Talk:Levenberg–Marquardt algorithm

This is an old revision of this page, as edited by G.k. (talk | contribs) at 13:46, 27 April 2006. The present address (URL) is a permanent link to this revision, which may differ significantly from the current revision.

Latest comment: 19 years ago by G.k. in topic Improvement by Marqardt

Should

(JTJ + λ)q = -JTf

be

(JTJ + λ I)q = -JTf. ?

The preceding unsigned comment was added by 129.13.70.88 (talk • contribs) on 08:18, 29 August 2005.

Both formulas have the same meaning, namely JTJq + λq = −JTf.
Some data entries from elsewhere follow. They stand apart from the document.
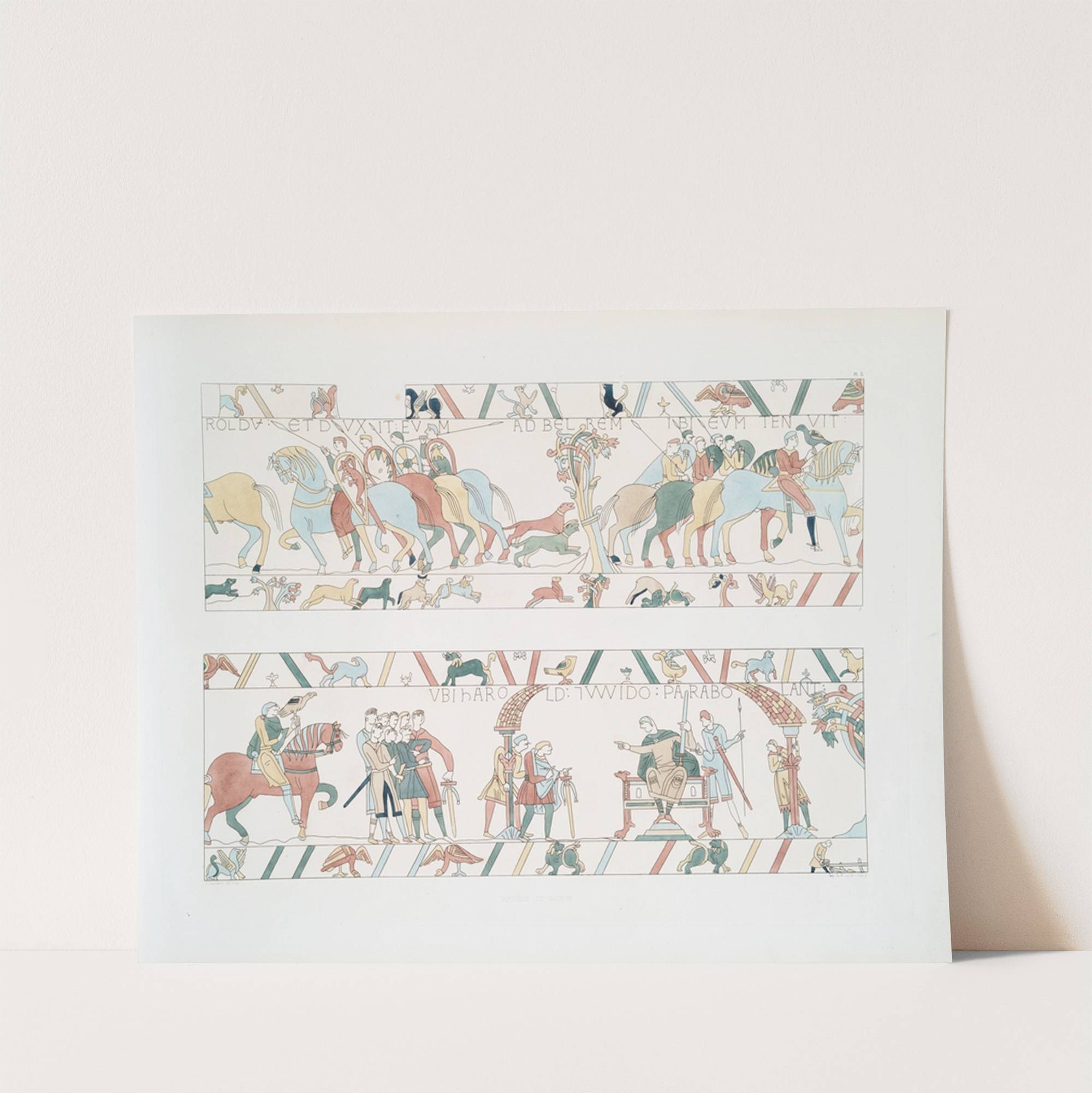 This art print features "Tapisserie de Bayeux 3" by the artist Achille Jubinal, presented in a minimalist, pastel color palette with clean lines and simple shading. The scene is bustling with lively activity, depicting multiple human figures and animals interacting...
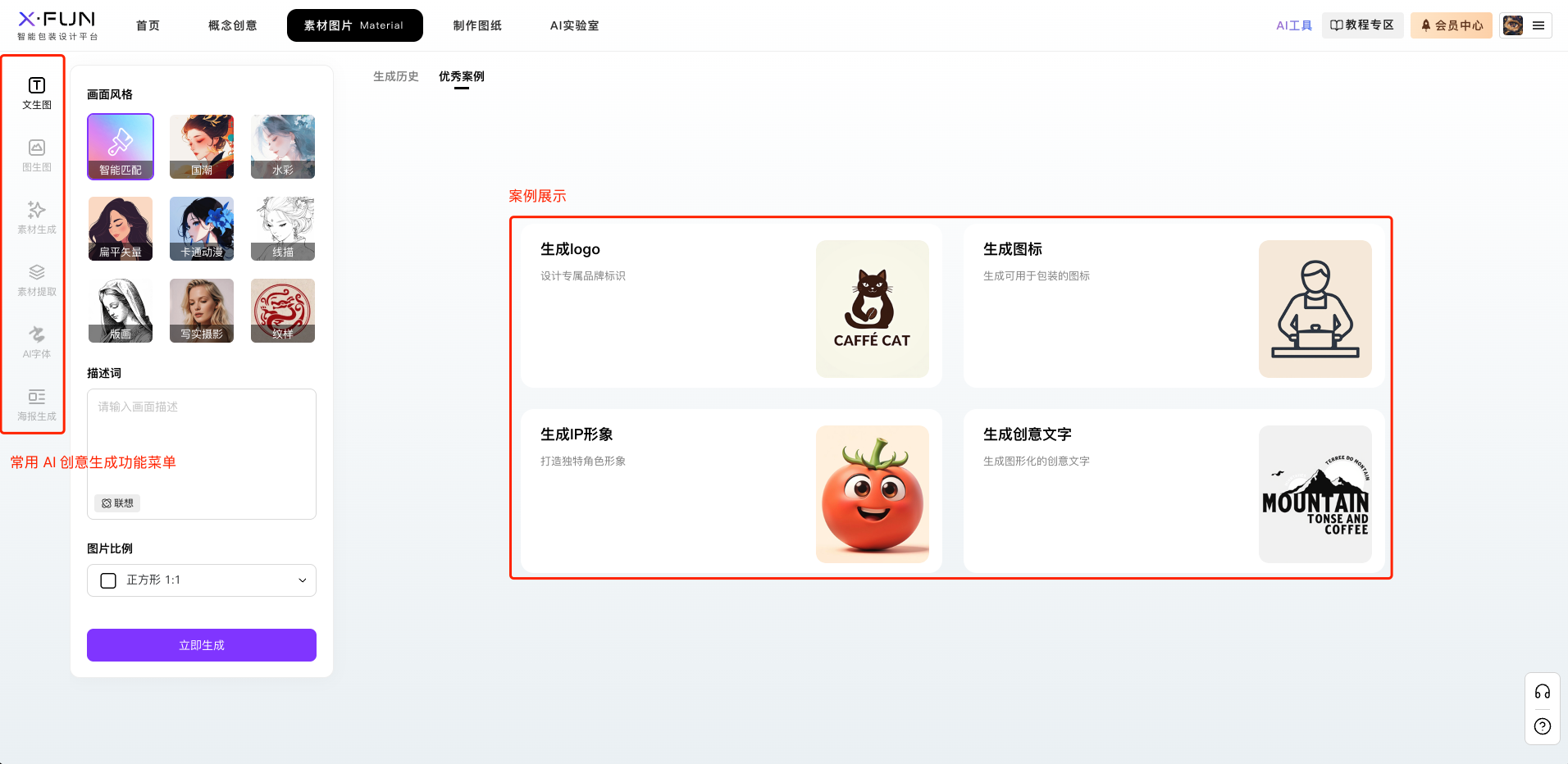 素材图片是 XFUN平台上用来生成各种图片、文字等设计素材的功能,在页面的左侧功能栏位置可以快速抵达各功能,满足各类设计需求。
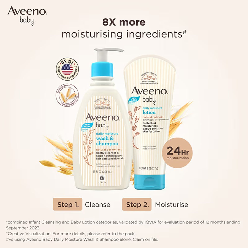 Aveeno Baby Daily Moisturizing Lotion & Wash Shampoo Combo is designed specifically for dry, itchy, and sensitive skin. This gentle formula combines natural oat extracts to soothe and nourish delicate skin while cleansing effectively without irritation. The lotion provides lasting hydration and helps restore the skin’s natural barrier, making it ideal for daily use on babies prone to dryness and sensitivity. The wash shampoo gently cleanses both hair and skin, minimizing discomfort and maintaining softness. Perfect for parents seeking expert-approved, soothing care for their baby's delicate skin needs.
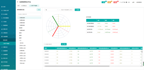 電能質量監測,包括三項不平衡度、諧波、功率因數,以矢量圖的形式展示三相不平衡度。三項不平衡或功率因數過低時產生報警,觸發APP、手機短信、郵件、釘釘、語音等多種方式提醒。
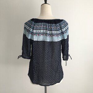 LUCKY BRAND Multi Color Mixed Print Tie Collar & Sleeves Shirt
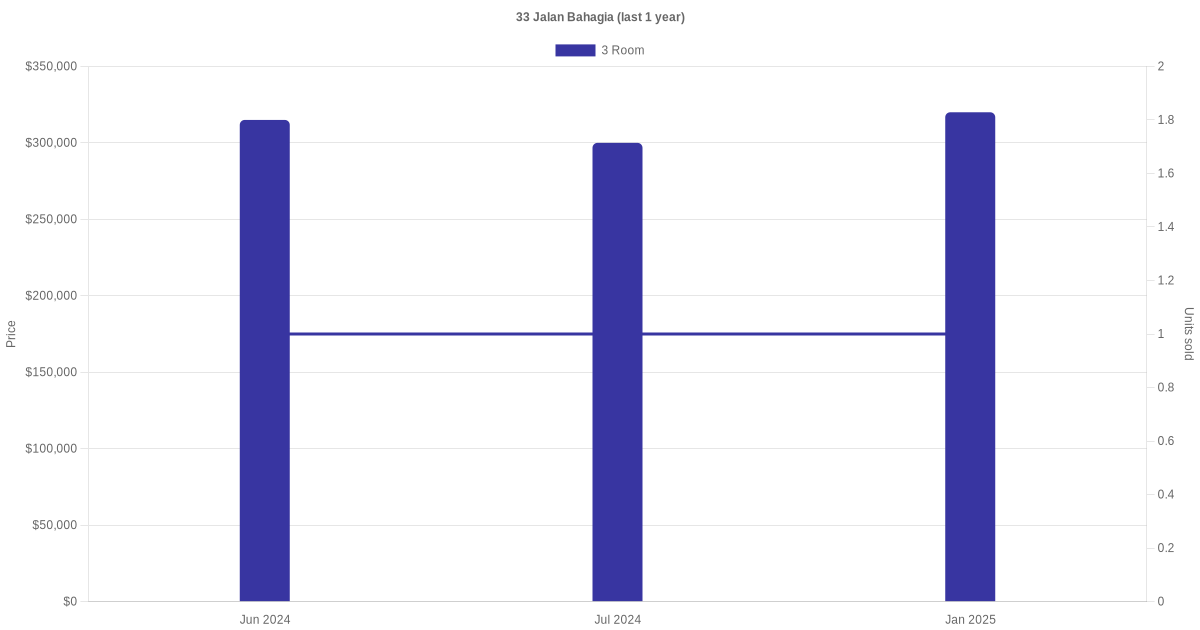 Below is a quick summary of the resale transactions volume and average price trends for the 3 room units at 33 Jalan Bahagia.
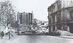 After Kyiv's liberation, during the cleanup of the streets and squares of the city from the ruins the remaining part of the Ginzburg house were pulled down. Symbolically on the 22nd of June, 1944 the City Council called for a competition for architects from Kyiv as well as other places from the republic and the union to develop a new project for a complete reconstruction of the central city. Most of them had provisions to place a new tall building on the place of the original Ginzburg house. The 1937 opinion of Alexander Dovzhenko about the Ginzburg house that all likewise constructions of Kyiv should be based on its geographical relief, was echoed in almost every project.
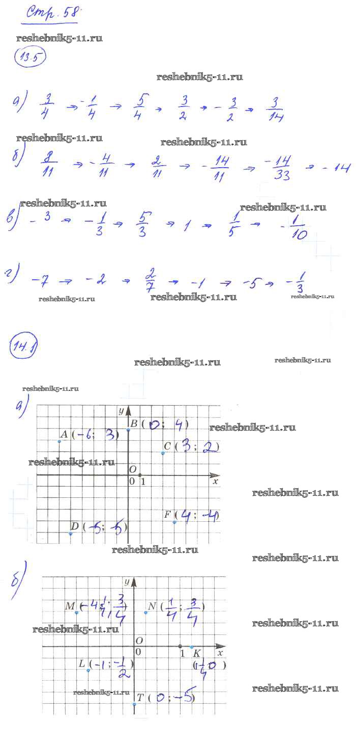 Готовая домашняя работа с ответами по Математике за 6 класс Зубарева Рабочая тетрадь Часть 1, 2 Мнемозина 2016 ФГОС - Часть 1. Страницы 58
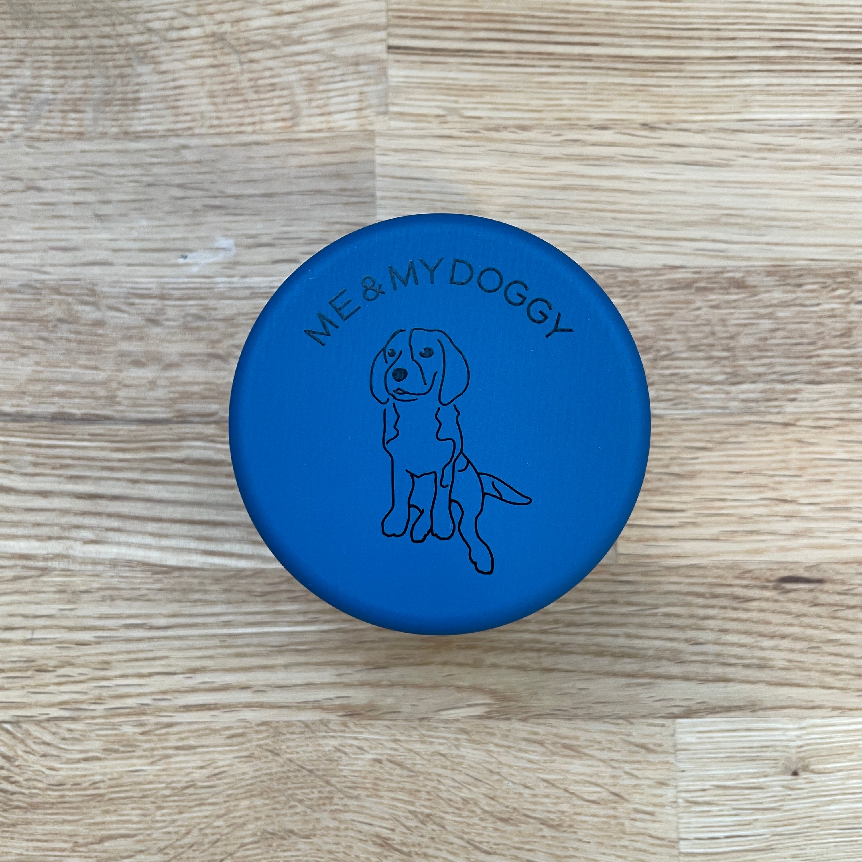 愛犬のためのオヤツを入れて携帯するのに便利な缶カンです。
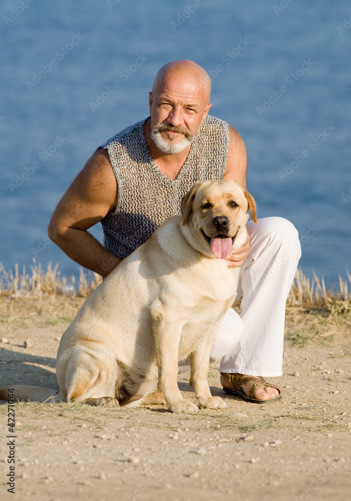 Middle aged Man Labrador Female Dog On Stock Photo 67894510

As far as I am concerned, it is a matter of taste which you prefer, but the second is perhaps clearer. -- Jitse Niesen (talk) 20:46, 30 August 2005 (UTC)Reply

Transpose

Where f and p are introduced:

fT=(f1, ..., fm), and pT=(p1, ..., pn).

they are presented with superscript T, which I think indicates that they are transposed. But f extends over 1..m, and p extends over 1..n, so I don't understand why both are transposed. Can someone please explain what I am missing here? Thanks. --CarlManaster 22:49, 15 December 2005 (UTC)Reply

I think the reasoning is that (f1, ..., fm) is a row vector. However, we want f to be a column vector. So the transpose is used to convert from rows to columns. It is perhaps clearer to write
f=(f1, ..., fm)T, and p=(p1, ..., pn)T.
To be honest, many mathematical texts do not bother to distinguish between row and column vectors, hoping that the reader can deduce from the context which one is meant.
Perhaps you know this, and your question is: why do we want to use a column vector? Well, f has to be a column vector because fTf further down the article should be a inner product, and p has to be a column vector because it's added to q, which is a column vector because otherwise the product Jq does not make sense. -- Jitse Niesen (talk) 23:19, 15 December 2005 (UTC)Reply

Improvement by Marqardt

What's about the improvement Marquardt made to the algorithm? He replaced I by diag[H], i.e. the diagonal of the (approximated) Hessian, to incorporate some local curvature estimation. This makes the algorithm go further in directions of smaller gradient to get out of narrow valleys on the error surface.

last entry by G.k. 13:46, 27 April 2006 (UTC)Reply